Patience and Fluke Events

Part of why the internet works so well most of the time is because it isn't perfect. Unfortunately that implies that sometimes it won't work, for no immediately apparent reason.

Given that the index on unobtanium.rocks outgrew 100k pages it is almost guaranteed that while crawling some requests don't make it for networking reasons or because of outages.

How a Human Would Handle the Internet not Working

Assume that as a Human one goes to a website and … it doesn't load.

Since thinking is expensive one probably intuitive hits the reload button, if it works now everything is fine, we got what we came for.

If it didn't work, we give up and maybe switch to problem solving or try another website, if we think that our connection is working.

What the Crawler does

The unobtanium crawler is pretty stupid, it doesn't know how to solve networking problems, so the best it can do it categorise the problems in when someone else could have solved them.

Fluke Events

For things like a timeout or connection problem it could be possible that that was just the Internet swallowing a the wrong packet and retrying is worth a shot, this is called a fluke event.

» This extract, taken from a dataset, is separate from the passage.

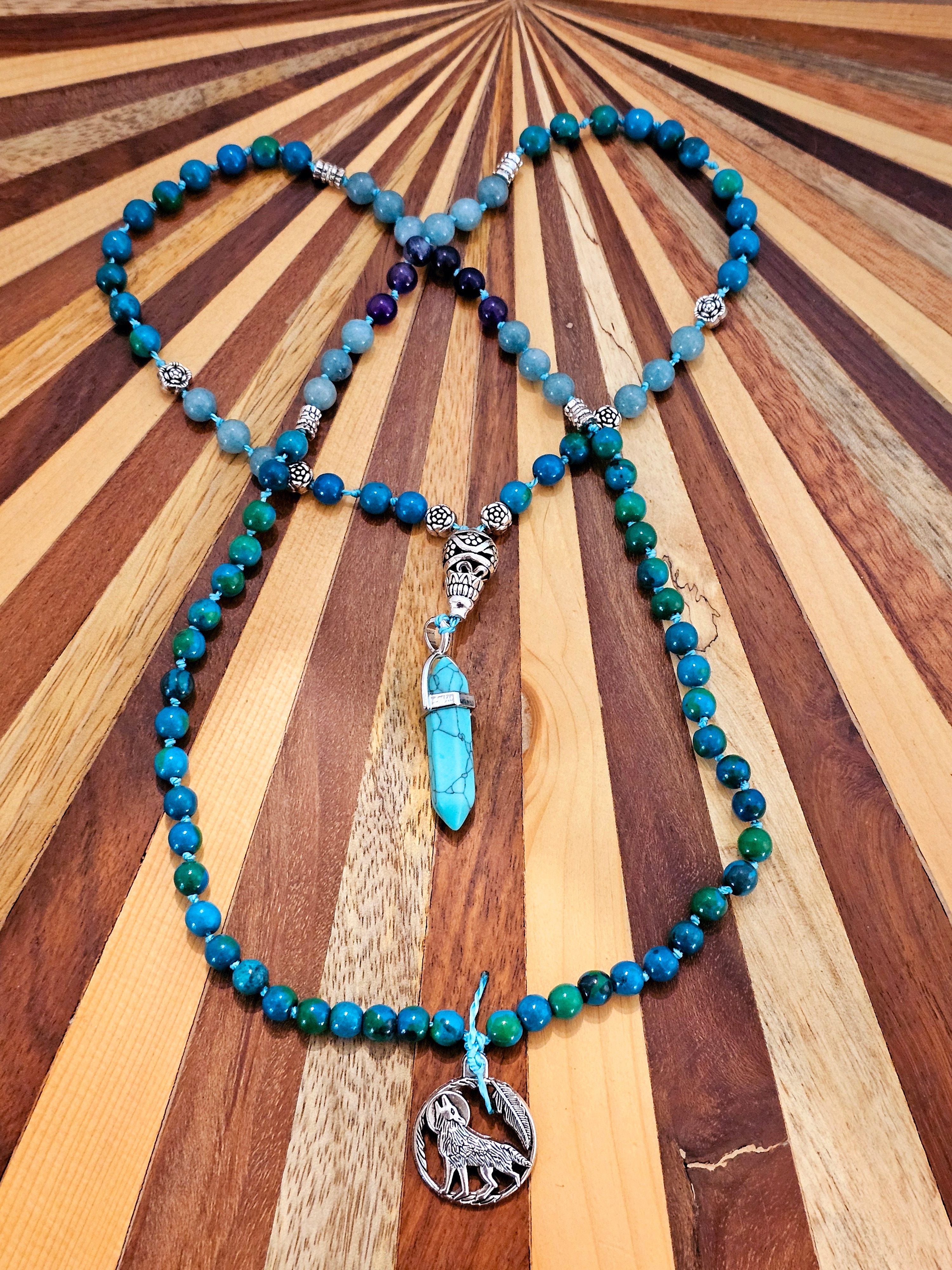I am best known for my custom mala’s. A mala in an infinite string of 108 beads used as a meditation and intentional setting tool. I make one-of-a-kind pieces for people, based on their medical history and what they are wanting to manifest in their lives. I teach at retreats, lead group intention-setting practices that focus on healing ourselves and the world among a variety of other master classes around self-healing with gemstone jewelry.

If the retry works the crawler discards the error, notes a "fluke recovery" and continues with the successful result.

If not the crawler notes a "fluke miss" and records that an error happened.

Patience

For errors that indicate a larger problem if they happen too often the crawler keeps a patience counter that starts at some positive number and is counted down when such en error happens.

For fatal errors like the database not working the patience counter is immediately short circuited to 0.

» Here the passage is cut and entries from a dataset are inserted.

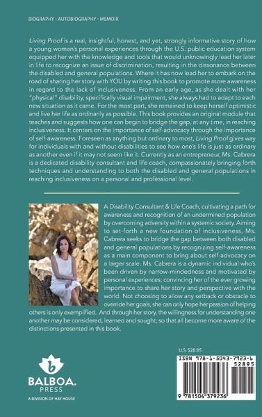 Living Proof is a real, insightful, honest, and yet, strongly informative story of how a young woman's personal experiences through the U.S. public education system equipped her with the knowledge and tools that would unknowingly lead her later in life to recognize an issue of discrimination, resulting in the dissonance between the disabled and general populations. Where it has now lead her to embark on the road of sharing her story with YOU by writing this book to promote more awareness in regard to the lack of inclusiveness. From an early age, as she dealt with her "physical" disability, specifically visual impairment, she always had to adapt to each new situation as it came. For the most part, she remained to keep herself optimistic and live her life as ordinarily as possible. This book provides an original module that teaches and suggests how one can begin to bridge the gap, at any time, in reaching inclusiveness. It centers on the importance of self-advocacy through the importance of self-awareness. Foreseen as anything but ordinary to most, Living Proof gives way for individuals with and without disabilities to see how one's life is just as ordinary as another even if it may not seem like it. Currently as an entrepreneur, Ms. Cabrera is a dedicated disability consultant and life coach, compassionately bringing forth techniques and understanding to both the disabled and general populations in reaching inclusiveness on a personal and professional level.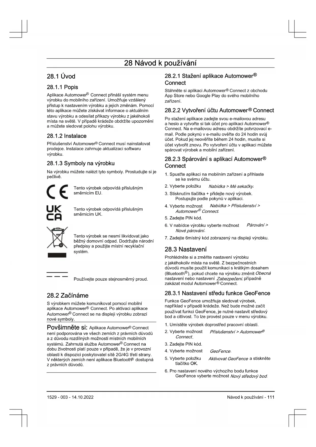 110 - Navodila za uporabo 1529 - 003 - 14.10.202228 Návod kpoužívání
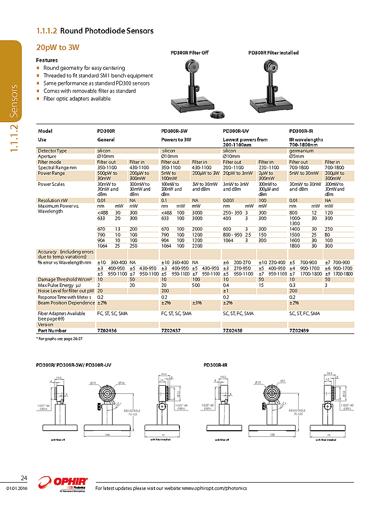 Ophir Photonics optical power sensor uses Si photodiodes to cover a wavelength range from 350nm to 1100nm with an accuracy of +/-5%. Threaded to fit standard SM1 post mounts comes removalbe filter and option fiber optic adapters. For easy centering the physical optical power sensor is round. Measure optical power from 5nW to 100mW.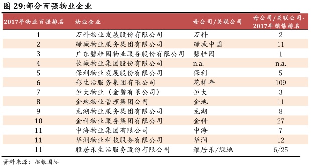 在日趋激烈的市场环境下,部分背靠大型开发商的物业公司将受益于母公司给予的项目支持,发展势头较中小型物业公司更好。同时,大型开发商主要在一二线城市进行开发,项目优质,服务价格较高,享有更好的区位布局。此外,依托母公司资源,物业企业开展增值服务的空间更大。2017年百强物业企业排名靠前的企业均有大型开发商作为依靠。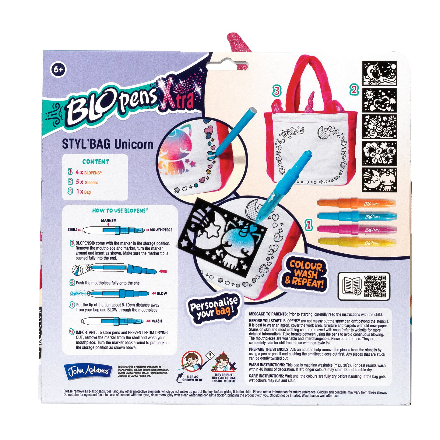 - AIRBRUSH MAGIC FOR KIDS - Create brilliant airbrush effects on your unicorn bag by blowing through the BLOPENS! Kids 6+ will love making professional-looking designs that look like they came from an art studio. Perfect for budding artists who want to try something completely different.

When the counter hits 0 the crawler gives up crawling the origin that is throwing the errors until it is restarted for the next time.

Interaction between Fluke Events and Patience

Fluke events and patience interact in a kind of circular way.

Fluke Events prevent little problems from running the patience counter low while the patience counter makes sure the crawler isn't wasting an endless amount of requests on retrying when there is a larger problem.

These mechanisms are both likely to be tweaked in the future to make them better at dealing with the Internet's small and big problems.